Each record below is to be output unchanged, and any picture is to be dropped.

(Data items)
^^^^

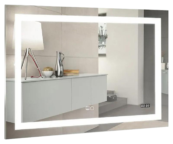 Зеркало Doratiz Адель 2711.906 дополнит интерьер ванной комнаты. Модель оснащена LED-подсветкой в форме ленты, сенсорным выключателем с функцией плавного диммирования, запоминанием последнего значения, электронными часами и обогревом зеркальной поверхности против запотевания. Короткие касания светящейся области включают/выключают подсветку, длительное касание меняет яркость свечения. Изделие выполнено из влагостойкого стекла с минимальными оптическими искажениями, корпус - из пластика. В комплект поставки входит крепление. Особенности:
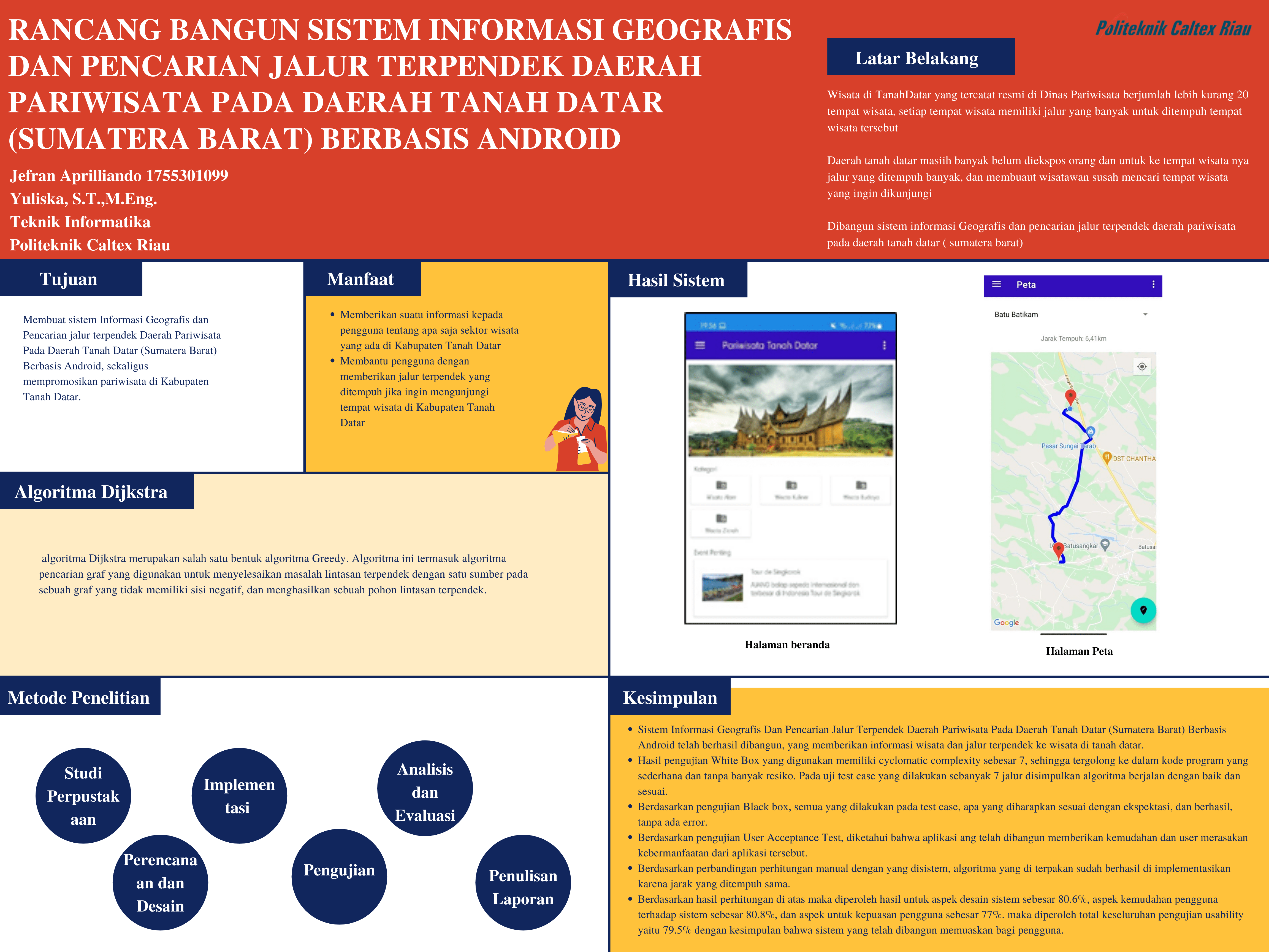 Aplikasi sistem informasi pariwisata dan pencarian jalur terpendek merupakan sistem yang digunakan untuk mencari informasi tentang wisata dan jalur terpendek menuju tempat wisata di Kabupaten Tanah Datar. Untuk menemukan tempat wisata, wisatawan biasanya mencari aplikasi mesin pencari atau peta wisata sehingga memakan waktu yang lama. Oleh karena itu untuk memberikan kemudahan maka dibuatlah sebuah Sistem Informasi Geografis. Sistem ini dikembangkan menggunakan algoritma Dijkstra dan berbasis android. Pengujian yang digunakan untuk penelitian ini adalah pengujian Black Box, White Box, Dan User Acceptance Test. Berdasarkan hasil pengujian black box diperoleh bahwa aplikasi sudah memiliki fitur yang dibutuhkan oleh pengguna. Dan untuk pengujian white box didapatkan bahwa kode program memiliki cyclomatic complexity sebesar 7, sehingga tergolong ke dalam kode program yang sederhana dan tanpa banyak resiko. Pada uji test case yang dilakukan sebanyak 7 jalur disimpulkan algoritma berjalan dengan baik dan sesuai. Sedangkan hasil dari pengujian User acceptance Test diperoleh hasil bahwa aplikasi yang telah dibangun memberikan kemudahan dan user merasakan kebermanfaatan dari aplikasi tersebut.
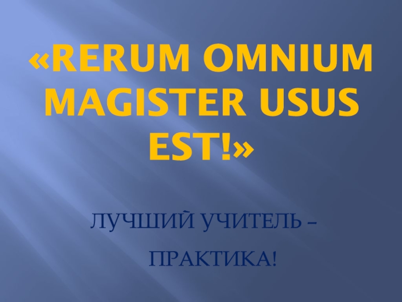 «RERUM OMNIUM MAGISTER USUS EST!»
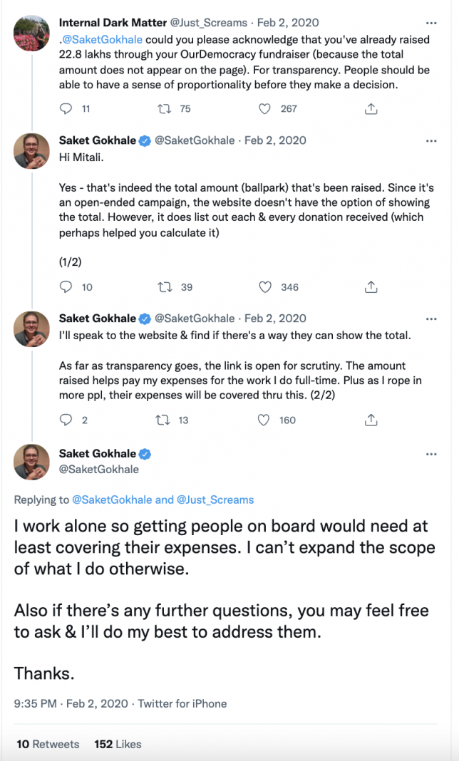 Gokhale had accepted that he had collected over Rs 22 lakh. He had then claimed he would be roping in more people to help him file Rs 10 RTIs to cover their basic living expenses. Turns out, OurDemocracy crowdfunding platform was not giving the total figure of the amount raised. So those who contributed did not quite know how much Gokhale had already raised.
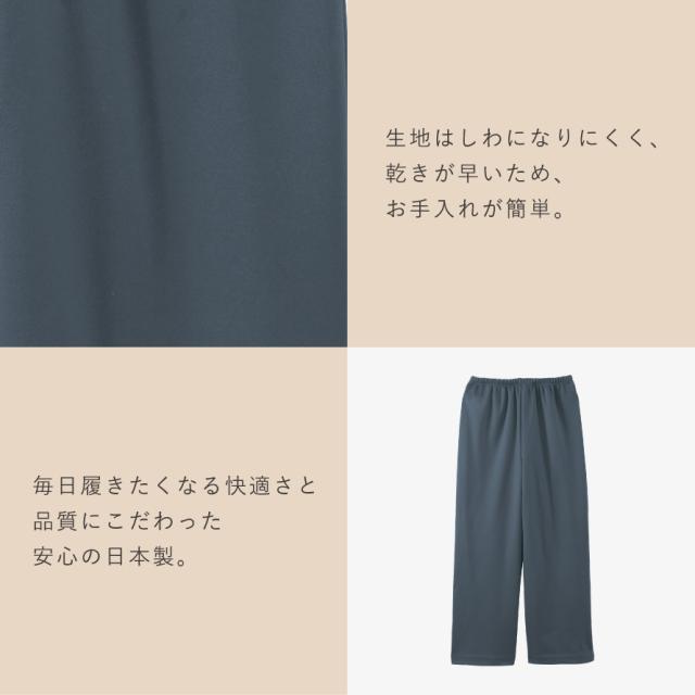 素材はシワになりにくく、洗っても乾きやすいため、お手入れも簡単。旅行や通院、室内着、ちょっとした外出にも使える便利な一本です。
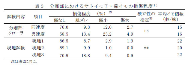 | [要約] | イモ株の掘り上げから親イモと子・孫イモの分離、土の分別、コンテナへの収納まで連続して行う 一工程収穫機であり、分離は搬送中にハの字配置したクローラで行い、イモの損傷割合も低い。作業能率は 2名の人力組作業と比較して約3倍の10a/1日である。 |
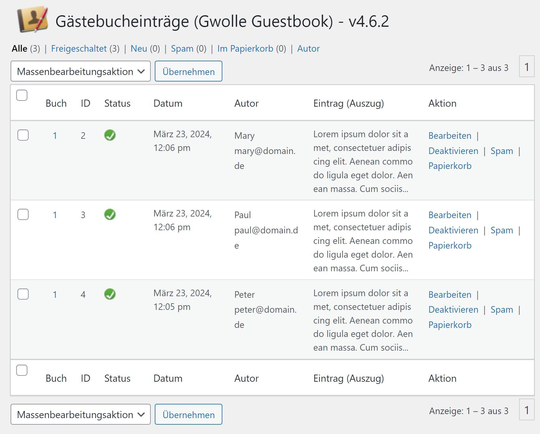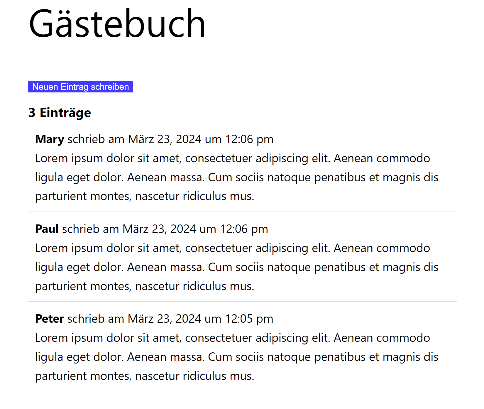 Ein erneuter Aufruf der Gästebuchseite im Frontend zeigt nun korrekt die alten Einträge des Plugins „WP H-Guestbook“ an:
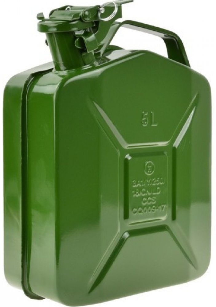 Plechový kanystr 5 LPlechový kanystr o objemu 5 litrů je určen k přenášení benzínu, nafty nebo oleje. Kanystr je vybaven rukojetí pro snadnější přenášení. Uzávěr má kovové těsnění, které zabraňuje vylití přenášené kapaliny, nechtěnému otevření dodatečně zabraňuje pojistka uzávěru.Technické údaje:Materiál: kovObjem: 5 lHmotnost: 1,381 kg
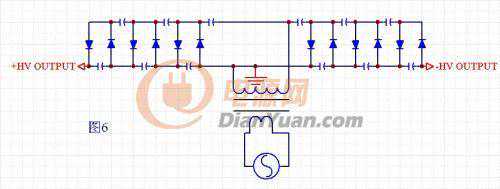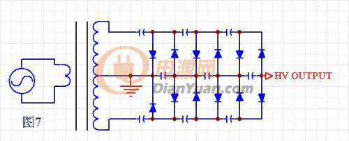 电路结构见图7,这种结构的特点是高压变压器的次级带中间抽头。这种结构的优点是:倍压的电压跌落比半波多倍压方式小很多。纹波也小很多。缺点是:变压器的次级需要抽头,输出同样的高压,变压器的次级匝数增加了一倍。元件多,成本高。
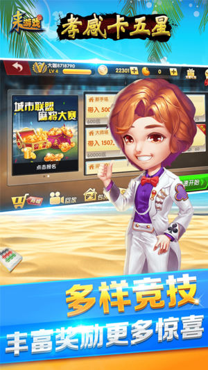 来游戏官方全新力作,引领棋牌手游新时代! =====游戏简介===== 孝感卡五星-来游戏,去掉万子和东南西北风,三人游戏牌型多胡牌快,结合孝感本地玩法,如未听牌需赔听牌玩家钱,亮倒未胡牌需赔听牌玩家钱。灵活的玩法配合来游戏的3D界面,欲罢不能。 =====游戏特色===== 【包房】新增特色包房,灵活创建房间,邀请好友竞技一决高下 【回放】边打牌边录像,牌局回放功能让你在回味牌局时还能炫耀牌技 【比赛】更多赛事活动搭配精美礼品,给用户无限可能 【角色】结合手游经典RPG,带着你的MM上牌桌,享受暴击快感 【宝箱】多样钥匙开启多种宝箱,欢乐多多惊喜不断 ====联系我们==== 微信公众…
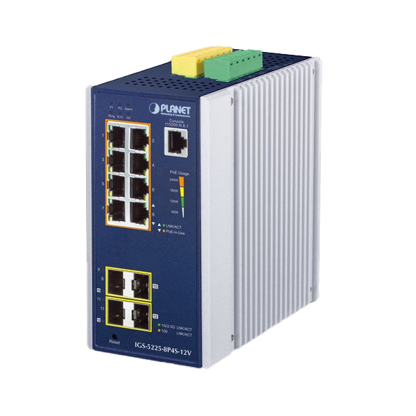 PLANET Technology has introduced the IGS-5225-8P4S-12V , a DIN-rail mountable, Layer 2+ managed Gigabit PoE+ switch designed to meet the demands of industrial environments. This robust switch offers advanced networking features, enhanced cybersecurity, and flexible power solutions, making it ideal for applications such as IP surveillance, wireless networks, and factory automation.

^^^^

### SOLUTION TO THE PROBLEM
 Зеркало Doratiz Адель 2711.906 дополнит интерьер ванной комнаты. Модель оснащена LED-подсветкой в форме ленты, сенсорным выключателем с функцией плавного диммирования, запоминанием последнего значения, электронными часами и обогревом зеркальной поверхности против запотевания. Короткие касания светящейся области включают/выключают подсветку, длительное касание меняет яркость свечения. Изделие выполнено из влагостойкого стекла с минимальными оптическими искажениями, корпус - из пластика. В комплект поставки входит крепление. Особенности:
 Aplikasi sistem informasi pariwisata dan pencarian jalur terpendek merupakan sistem yang digunakan untuk mencari informasi tentang wisata dan jalur terpendek menuju tempat wisata di Kabupaten Tanah Datar. Untuk menemukan tempat wisata, wisatawan biasanya mencari aplikasi mesin pencari atau peta wisata sehingga memakan waktu yang lama. Oleh karena itu untuk memberikan kemudahan maka dibuatlah sebuah Sistem Informasi Geografis. Sistem ini dikembangkan menggunakan algoritma Dijkstra dan berbasis android. Pengujian yang digunakan untuk penelitian ini adalah pengujian Black Box, White Box, Dan User Acceptance Test. Berdasarkan hasil pengujian black box diperoleh bahwa aplikasi sudah memiliki fitur yang dibutuhkan oleh pengguna. Dan untuk pengujian white box didapatkan bahwa kode program memiliki cyclomatic complexity sebesar 7, sehingga tergolong ke dalam kode program yang sederhana dan tanpa banyak resiko. Pada uji test case yang dilakukan sebanyak 7 jalur disimpulkan algoritma berjalan dengan baik dan sesuai. Sedangkan hasil dari pengujian User acceptance Test diperoleh hasil bahwa aplikasi yang telah dibangun memberikan kemudahan dan user merasakan kebermanfaatan dari aplikasi tersebut.
 «RERUM OMNIUM MAGISTER USUS EST!»
 Gokhale had accepted that he had collected over Rs 22 lakh. He had then claimed he would be roping in more people to help him file Rs 10 RTIs to cover their basic living expenses. Turns out, OurDemocracy crowdfunding platform was not giving the total figure of the amount raised. So those who contributed did not quite know how much Gokhale had already raised.
 素材はシワになりにくく、洗っても乾きやすいため、お手入れも簡単。旅行や通院、室内着、ちょっとした外出にも使える便利な一本です。
 | [要約] | イモ株の掘り上げから親イモと子・孫イモの分離、土の分別、コンテナへの収納まで連続して行う 一工程収穫機であり、分離は搬送中にハの字配置したクローラで行い、イモの損傷割合も低い。作業能率は 2名の人力組作業と比較して約3倍の10a/1日である。 |
 Ein erneuter Aufruf der Gästebuchseite im Frontend zeigt nun korrekt die alten Einträge des Plugins „WP H-Guestbook“ an:
 Plechový kanystr 5 LPlechový kanystr o objemu 5 litrů je určen k přenášení benzínu, nafty nebo oleje. Kanystr je vybaven rukojetí pro snadnější přenášení. Uzávěr má kovové těsnění, které zabraňuje vylití přenášené kapaliny, nechtěnému otevření dodatečně zabraňuje pojistka uzávěru.Technické údaje:Materiál: kovObjem: 5 lHmotnost: 1,381 kg
 电路结构见图7,这种结构的特点是高压变压器的次级带中间抽头。这种结构的优点是:倍压的电压跌落比半波多倍压方式小很多。纹波也小很多。缺点是:变压器的次级需要抽头,输出同样的高压,变压器的次级匝数增加了一倍。元件多,成本高。
 来游戏官方全新力作,引领棋牌手游新时代! =====游戏简介===== 孝感卡五星-来游戏,去掉万子和东南西北风,三人游戏牌型多胡牌快,结合孝感本地玩法,如未听牌需赔听牌玩家钱,亮倒未胡牌需赔听牌玩家钱。灵活的玩法配合来游戏的3D界面,欲罢不能。 =====游戏特色===== 【包房】新增特色包房,灵活创建房间,邀请好友竞技一决高下 【回放】边打牌边录像,牌局回放功能让你在回味牌局时还能炫耀牌技 【比赛】更多赛事活动搭配精美礼品,给用户无限可能 【角色】结合手游经典RPG,带着你的MM上牌桌,享受暴击快感 【宝箱】多样钥匙开启多种宝箱,欢乐多多惊喜不断 ====联系我们==== 微信公众…
 PLANET Technology has introduced the IGS-5225-8P4S-12V , a DIN-rail mountable, Layer 2+ managed Gigabit PoE+ switch designed to meet the demands of industrial environments. This robust switch offers advanced networking features, enhanced cybersecurity, and flexible power solutions, making it ideal for applications such as IP surveillance, wireless networks, and factory automation.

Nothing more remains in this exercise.